Australian play features powerhouse acting
Summer of the Aliens


Summer of the Aliens, as warm and searing as Australian sunshine, bears as marked and insistent similarity to an American classic.


Australian writer Louis Nowra’s wrenching backward journey, which made it’s Canadian debut Wednesday in powerful form at the Great Canadian Theatre Company, bears more than a passing resemblance to Tennessee WilliamsGlass Menagerie. You could do worse than model your semi-autobiographical drama on one of the most poignant and beautiful memory plays in modern theatre.


Like Tom Wingfield, Summer of the Aliens has Lewis, an older narrator looking back through the haze of memory at his younger self. He has a sister and is the only male in a troubled mother-run household. The (mostly) absent father, like the senior Wingfield “who fell in love with long distances” is a totemic figure of irresponsible charm.


But those are only the accidentals. The strongest similarity Nowra’s play shares with Williams’s lies in its hypnotic appeal. The stage magician, says Tom as Glass Menagerie opens, “gives you illusion that has the appearance of truth. I give you truth that has the pleasant disguise of illusion”.
In Summer of the Aliens, which looks at alienation and belonging in 1962 Australia, that is both the triumph and the sweet allure.


That, and the fact that the GCTC production – directed by Toronto’s Richard Rose with a sensitivity that melds grace and dynamism in a compelling whole – happens to have a large cast uniformly capable of powerhouse acting.


In a play about a young boy and his pivotal relationship with a young neighbourhood girl, the lion’s share of praise should go to the two young leads, if things are right. That is the felicitous case in Summer of the Aliens, which features outstanding performances by Fab Filippo as Lewis and Stephanie Moore as his friend Dulcie.


Filippo, an accomplished 21-year-old Toronto actor, works uncanny magic in convincing the audience, from start to finish with never a false note, that he is 14-year-old Lewis; uncertain, gangly, loving, asthmatic, nerdy, cruel, kind, curious, despairing, earnest. Whether he is stupidly taunting the immigrant Dutch girl, or bridling his impatience to listen to his grandmother, or clapping an inhaler desperately to his mouth, he works a magic that is no less extraordinary than the simple breaking of your heart.
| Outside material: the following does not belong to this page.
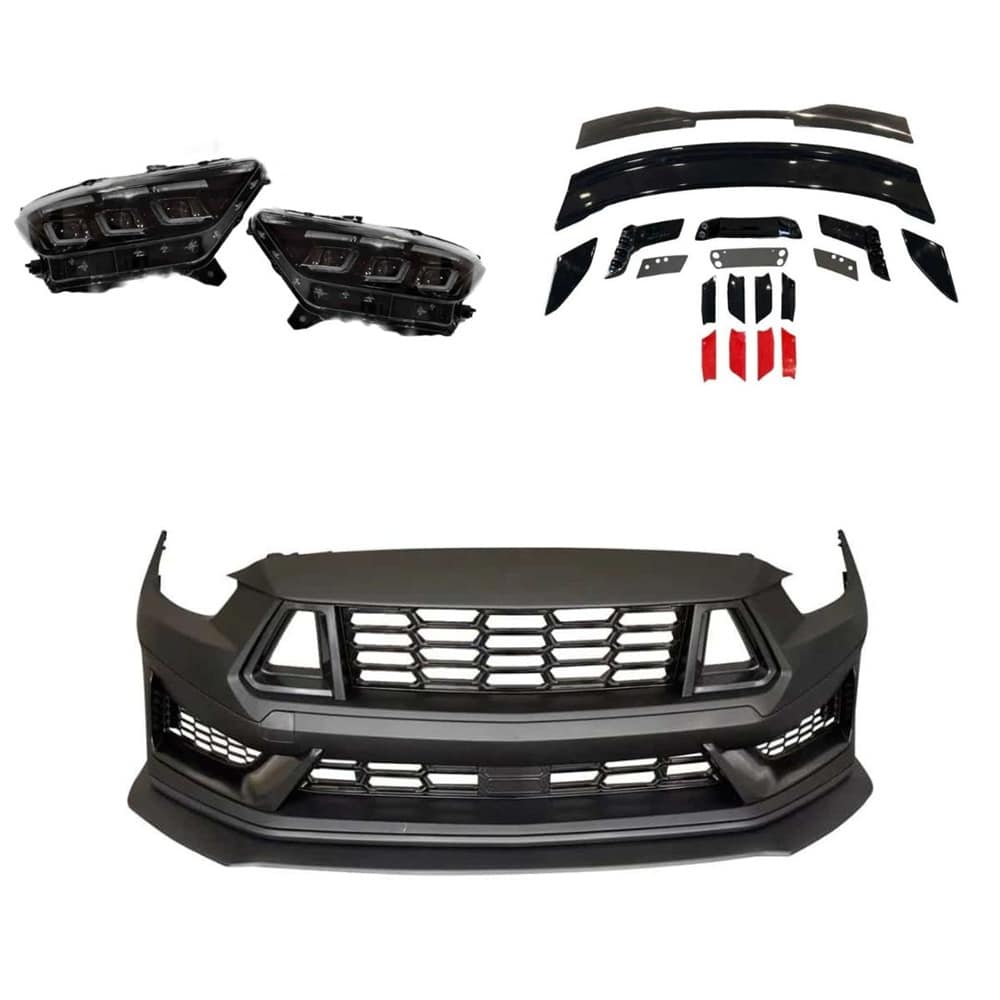 Pre-facelift S550 Mustangs still drive great, but the exterior can look dated next to newer cars, and mixing aftermarket parts often leaves you with inconsistent lines and fitment. The Auto Addict Dark Horse Conversion Bundle packages the core pieces needed to update the car’s front and rear styling in one matched setup; a full Dark Horse-style front bumper conversion, S650-style LED projector headlights, and a gloss black Dark Horse-style rear spoiler. The headlights are designed to run on factory connectors with a simple install approach, requiring only one splice to enable the turn signal function, and the sequential amber output gives the car a newer OEM-style light signature. The gloss black ABS rear spoiler is lightweight and durable, and it ties the look together without requiring a full repaint if you are keeping a black accent theme.
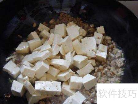 6、 放入豆腐并用铲子将其捣碎

As does Stephanie Moore as Dulcie, the young woman cruelly betrayed by life who is Lewis’s first tender love. In what has to be the young Ottawa actor’s strongest performance to date in an already impressive career, Moore blends all the ballsy bravado of a teen rebel with the nervous vulnerability of a child tortured by things no child should ever have to confront.


As the older Lewis, John Koensgen choreographs the action and emotional development with an authoritative sureness and fine restraint. The always-wonderful Kate Hurman performs with her customary vibrancy in two roles – that of Lewis’s Scottish grandmother (to whom she gives dignity as well as comic crankiness), and Dulcie’s hard, religious mother.


In fact – if you don’t count the occasionally faltering Australian accents, or the unimportant fact that Moore looks older than she should – there are simply no false notes. From Alan Templeton’s angry eccentric postman and (in a second role) drunkenly malevolent stepfather, to Paul Rainville’s charmingly seedy absentee father, the production enlightens, amuses and – most of all – moves.


Other production details just enhance the effect. Variations on Telstar, the early ‘60’s instrumental hit, are heard throughout the memory play, an echo of the time and Lewis’s preoccupation with space. Graeme Thompson’s set, a clever suggestion of the remembered and the real, blends surreal patterns with old and actual remnants of 1962 to create the parched landscape of Lewis’s youth and the troubled, vibrant landscape of his memory.


The whole is bathed in a wash of warm, sometimes searing, Australian sunshine.